0 votes
1 view
in AI and Deep Learning by (16.3k points)

I work at a public health department that takes in and stores lots of medical data every day. I've written a program that uses regular expressions to determine if particular fields in the incoming data are valid or invalid. Ex: DOBs come in as YYYYmmDD, so they should match regex ^[0-9]{8}$

I want to analyze the "invalid" data to help identify problems in our system (we get way too much data to go through each 'bad' record row-by-row). Can anyone suggest AI techniques/machine learning techniques that can 'monitor' the bad data and find patterns in what is wrong? I think that coming up with a bunch of regular expressions for possible ways the data could be invalid (ex. not enough or too many characters) and then keeping track of those results might work. But instead of me thinking up all of the ways the data could be invalid, I'm curious about ways to 'learn' the patterns from the bad data using AI.
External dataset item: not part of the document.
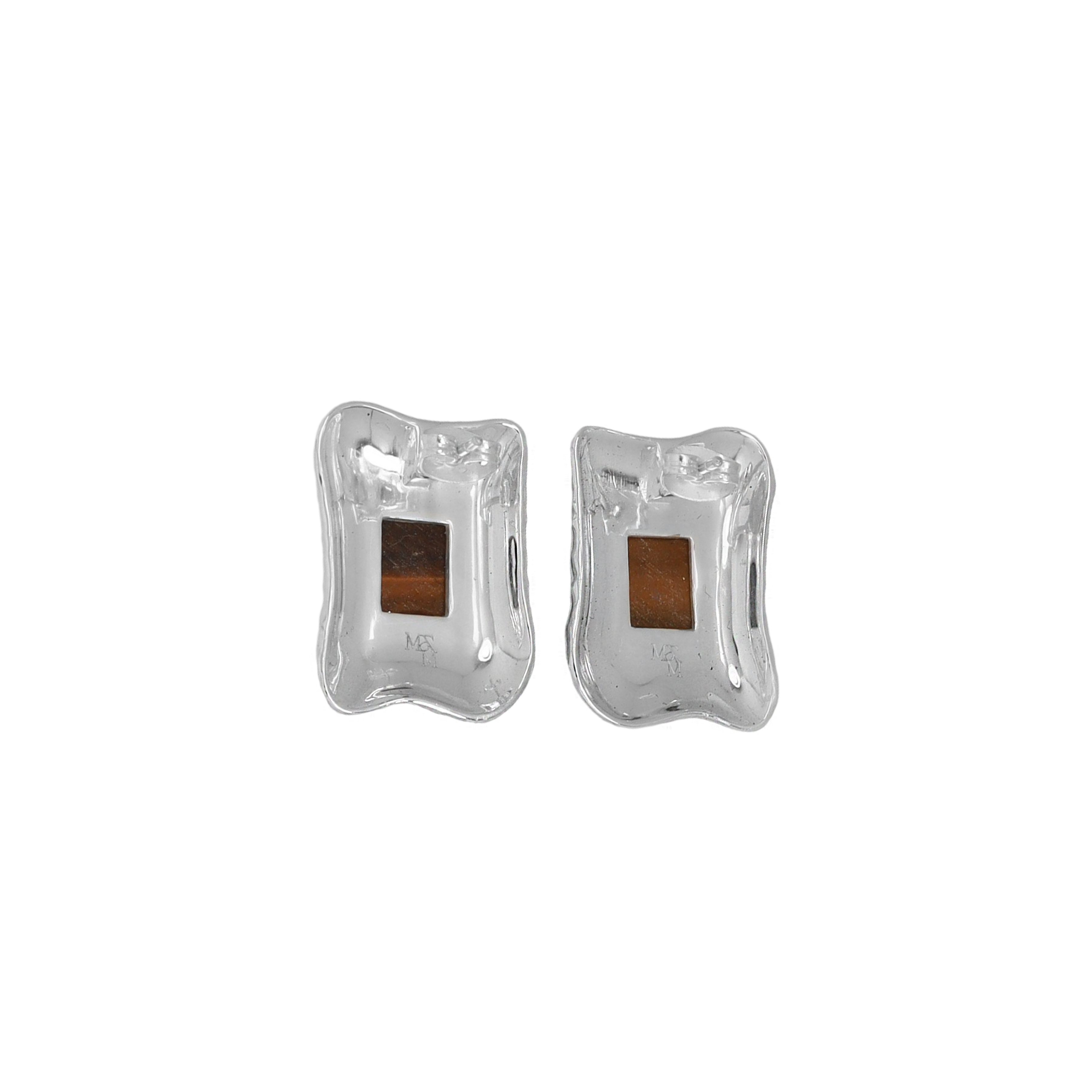 The Kauri Earrings in silver brings vintage-inspired structure into a modern, wearable silhouette. A softly contoured silver frame surrounds a deep Tigers eye gemstone, creating a refined statement that feels elevated yet easy.

Are there any known techniques that do this?

1 Answer

0 votes
by (36.6k points)

Bayesian filtering might be the solution to your problem. Bayesian Filtering implies a probabilistic technique for data fusion. The technique combines a concise mathematical formulation of a system with observations of that system. Probabilities are used to represent the state of a system, likelihood functions to represent their relationships. In this pattern, Bayesian inference can be applied and further related probabilities deduced.